How much you enjoy this one depends on your interest in the nattering, childlike imagination of Broome, and your patience with the very dark secret McBain takes so much time revealing. While you wait, Broome goes through his day, taking in a winter morning, being accosted by citizens who warn him about the police, and stealing a boy’s toboggan.
What are the detectives of the 87th Precinct doing during all this? The series may be named after them, but they are very much on the margins in this book, only occasionally interacting with Broome. Eventually, Broome fixates on one of them (Steve Carella, usually the lead detective in these books) as a friendly face and the right kind of cop to talk to about his problem. But will he go through with it?
McBain’s willingness to experiment with both the genre demands of police procedurals and how his familiar Isola setting is experienced by a complete outsider lends an enjoyable dimension to this outing. Everything is strange to Broome, and McBain has fun with his displacement. But this stylistic departure will leave many faithful series readers feeling displaced, too.
For more than half the book, we amble after Broome, picking up clues:
“Do I look like somebody who’s in trouble?”
“I don’t know what a white man in trouble looks like. I’ve seen lots of colored people in trouble. If you’re colored, you’re always in trouble, from the day you’re born. But I don’t know the look of a white man in trouble. Are you in trouble?”
That is Roger talking to Amelia, a teenaged Black salesclerk he meets at a stationery store buying his Valentine’s Day card. This is appropriate given Amelia is the heart of the novel, attracted to Roger despite his strange manner (and the fact he is white). Eventually she takes him up on his left-field offer of a mid-workday date.
By this point in the novel, we have good reason to believe this is not going to end well for Amelia. Suspense kicks in. Will Roger do something awful while he dithers about contacting the cops?
McBain gives us clues about Roger’s particular hang-up, connected to a woman he met earlier on the trip named Molly. Roger also keeps contemplating his mother’s demanding nature, and how he finds his life to be a succession of boxes, “all of them were trying their hardest to keep a man all closed up, when all a man wanted to do every now and then was relax and enjoy himself.”
When the suspense finally does come, it pulls you in enough to give the last third of the book sudden urgency. The uncertainty principal McBain had been playing with all this time does eventually deliver something worthwhile, even satisfying, as McBain throws his cards on the table regarding the whatisit in the last chapter. I just wish the usual 87th Precinct players were given more to do. That clever conceit of keeping them in the background gets stale long before this book winds down.
For most of the book, we have instead to ponder the strange mating habits of Isola’s citizenry, and the fact Roger, normally a loser with the ladies by his own reminiscence, quickly finds two eager hook-ups during his short stay in the big city.
Molly is the first of these, and the saddest. We only see her in Roger’s flashbacks, as he contemplates her unattractiveness in his mulish way: “Some women were just the unlucky ones in this world, they didn’t have pretty faces, nor good legs nor breasts, and even their backsides looked like a truck driver’s.”

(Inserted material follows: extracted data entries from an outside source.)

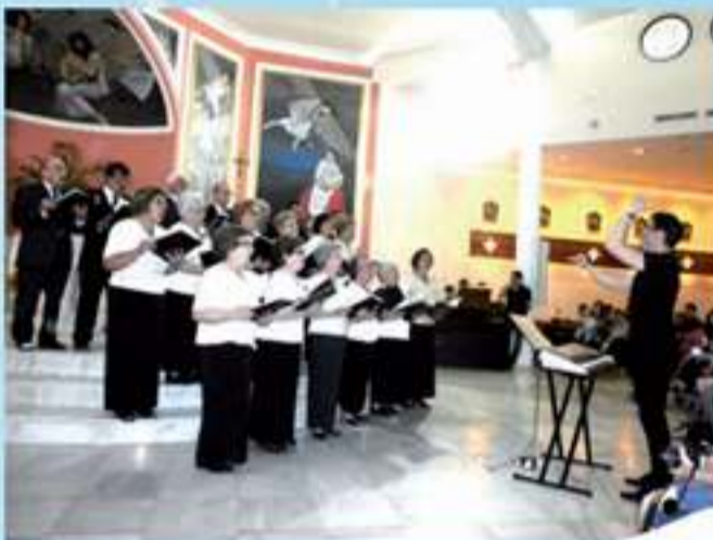
Coral La Milagrosa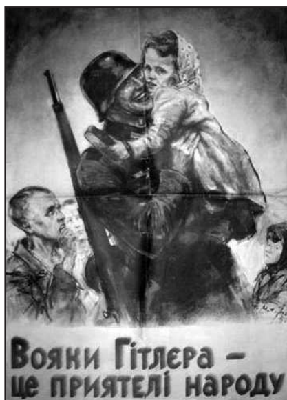
Рис. 13. «Солдаты Гитлера – друзья народа»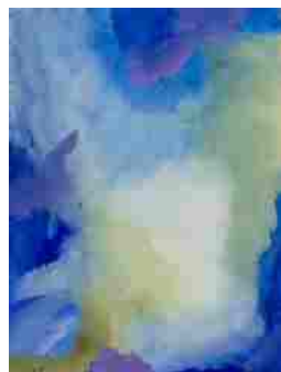
P #56, 2015, tecnica mista, 18x24 cm [Vedi la foto originale]

smART - POLO PER L'ARTE vai alla scheda di questa sede Exibart.alert - tieni d'occhio questa sede Piazza Crati 6/7 (00199) +39 06 99345168 esposizioni@smartroma.org www.smartroma.org individua sulla mappa Exisat individua sullo stradario MapQuest Stampa questa scheda Eventi in corso nei dintorni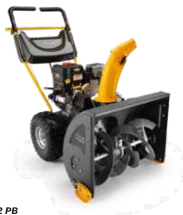
ST 3262 PB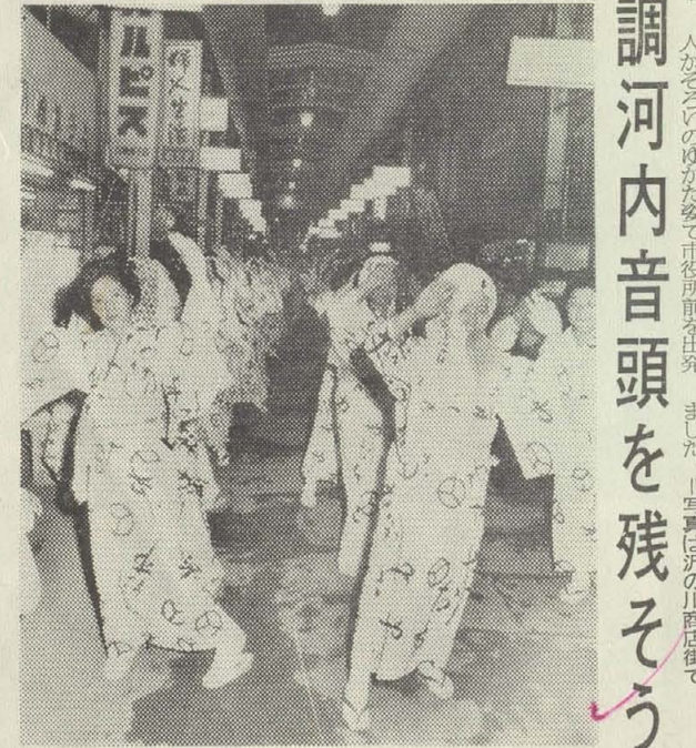
婦人会、商店街をねり歩く

八月二十日(月)北高安小学校 二十三日(火)中高安小学校 二十四日(水) 二十五日(木)隣保館(種町) 二十六日(金) 二十九日(月)大正中学校 三十日(火)大正小学校 三十一日(水) 時間は、いずれも午前九時半から午後三時までです。なお、前号でお知らせしました市では、八月三日、九日付で次の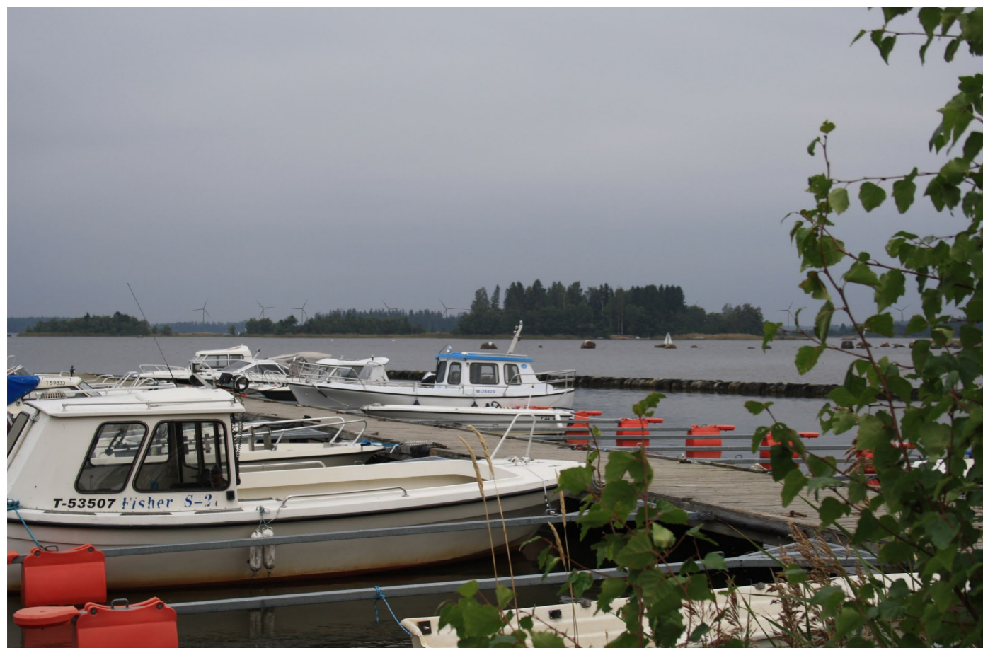
Kuvauspiste I. Kuvasovite Pastukerista. Kuvattu 59 mm polttovälillä. Etäisyys lähimpään tuulivoimalaan 12,1 km. Voimaloiden kokonaiskorkeus 250 m.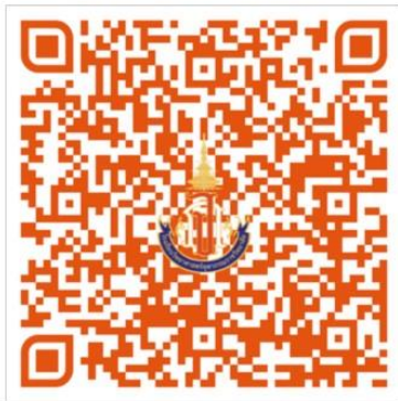
แบบรายงานตัวและยืนยันสิทธิ์ ม.4

แบบรายงานตัวและยืนยันสิทธิ์การเข้าเรียน โรงเรียนวิทยาศาสตร์จุฬาราชวิทยาลัย มุกดาหาร ชั้นมัธยมศึกษาปีที่ 4 ปีการศึกษา 2567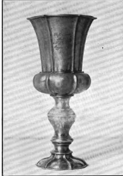
2. Goszmann György műve 1850-ből. Tiszaderzs. (Lásd: 37. sz.)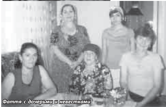
Фаття с дочерьми и невестками

овец, пошла ее выгонять, упала и не могу подняться. Все на работе, позвать некого. Можно было бы прохожих позвать на помощь, но улица пустая. В последние годы она всегда пустая. Конечно, у многих есть машины, но и отъезд людей из сел создает эти пустоты. К счастью, неожиданно на дороге появился прохожий, он и помог мне встать. Нам надо беречь села, если хотим сохранить хоть что-то свое.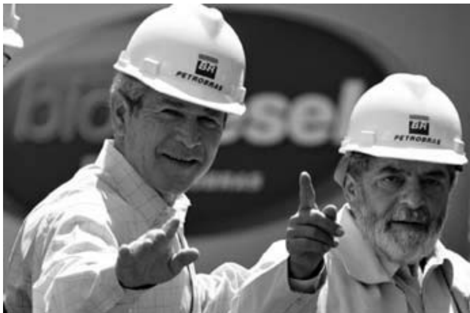
George Bush og Lula de Silva – kampfæller omkring monopolenes bio-fidus

Kernen i denne plan er en kæmpe-mæssig skattefinansieret udvidelse af brugen af bio-ethanol til transportbrændsel. Præsidentens plan forudsætter en produktion af 35 milliarder gallons ( ca. 133 milliarder liter ) ethanol om året i 2017. Allerede i 2005 vedtog kongressen loven om energipolitik, som går ud på, at kornbaseret ethanol til brændsel skal stige fra fire milliarder gallons i 2006 til 7,5 milliarder i 2012. For at sikre, at det sker, modtager bønder og gigantiske landbrugsvirksomheder som ADM eller David Rockefeller generøse skattefinansierede støtteordninger for at dyrke brændselkorn i stedet for fødevarer. Lige nu får producenter af ethanol i USA et tilskud på 51 cents pr. gallon ethanol udbetalt til den, der blander det, normalt et oliefirma, som blander det i benzin til salg.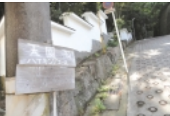
「明月院」入口を通過して右折し急坂を登り、ま

「下野東京ラインの利点を活用！」 鎌倉へはJRを利用しましょう。松戸～鎌倉間は片道運賃1250円。途中下車をするのなら、お馴染み「休日おでかけバス(2670円)」がたいへんお得。そしてこの度、「上野東京ライン」の開通により松戸～鎌倉間を普通グリーン車片道休日料金780円で利用可能となりました。リクライニングシートで、品川乗換1回で鎌倉へ行けるのは快適です。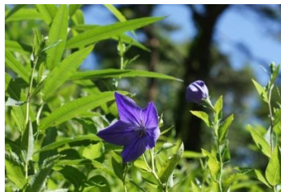
キキョウ (7月中旬から8月下旬)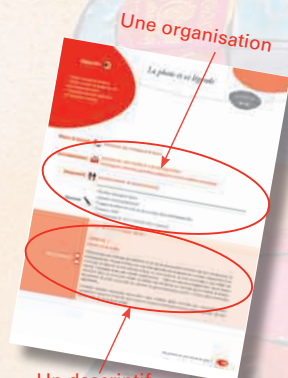
Un descriptif de déroulement

Ouvrage - 2011 - 256 p. Réf.: 31009A72 - 23 €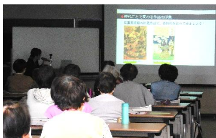
『べらぼう』浮世絵の世界へ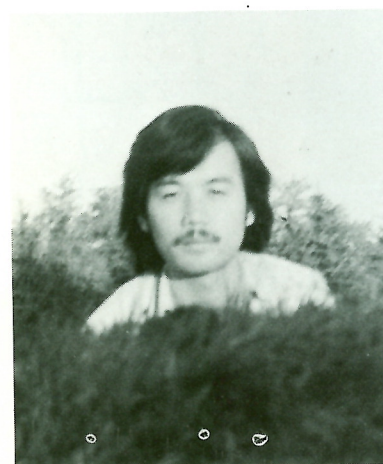
コンサートマスター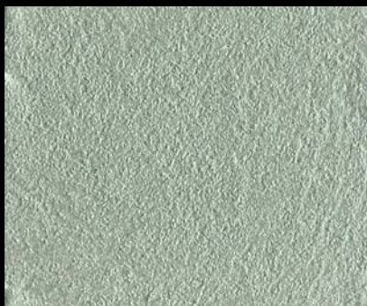
Toner № 514 - 1cc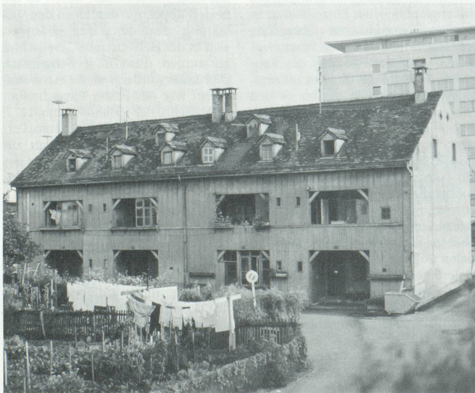
Arbeiterwohnungen «In der Breite»

Die 1844 entstandene «Kommission für Fabrikarbeiterverhältnisse» setzte sich für billige und gesunde Wohnverhältnisse ein. Tatsächlich waren die Wohnverhältnisse der Arbeiterschaft trist. Die verlotterten Hinterhäuser waren oft Seuchenherde. Cholera- und Typhusepidemien waren nicht selten. Die GGG gründete eine Aktiengesellschaft, die in der Breite Bauland kaufte, wo sie drei Gebäudekomplexe erstellte. Es entstanden Wohnungen, die «zu den niedrigsten Miethpreisen auch dem ärmsten Arbeiter noch eine gesunde, freundliche und wohnliche Stätte» ermöglichten. 1869 gründete die GGG die «Baugesellschaft zur Erstellung von Arbeiterwohnungen». In den nächsten Jahren entstanden 86 neue Häuser mit günstigen Wohnungen im Bachlettenquartier, am Bläsiring und an der Klybeckstrasse.

Loneliness is a recurring theme in He Who Hesitates. Molly has it bad, and so does Roger. Trying to find a detective he can talk to, he shadows Steve Carella to a restaurant, and watches him eat lunch with his wife, Teddy. It takes Roger a while to realize what regular series readers will know, that Teddy is deaf and speaks to her husband using sign language. Watching them being so cozy together sets his mind on edge.
Whether Roger can find true love is something you wonder about for a while. Then you just hope he gives up. Roger comes off as gormless and creepy, and his unsubtle date patter gets cringey fast. He may seem nice, but comes off alternately menacing and pathetic, like Lennie in Of Mice And Men. Yet for a guy as shy and awkward as Roger, it’s surprising how often he scores in the big city:
Molly paused and smiled tentatively, as though embarrassed by what she was about to say and do. She picked up her empty glass and tried to drain a few more drops from it, and then put it down on the table and said, very casually, “I’d like to see that room of yours. It sounds really inexpensive. If it’s a good-sized room, I might move from where I am.”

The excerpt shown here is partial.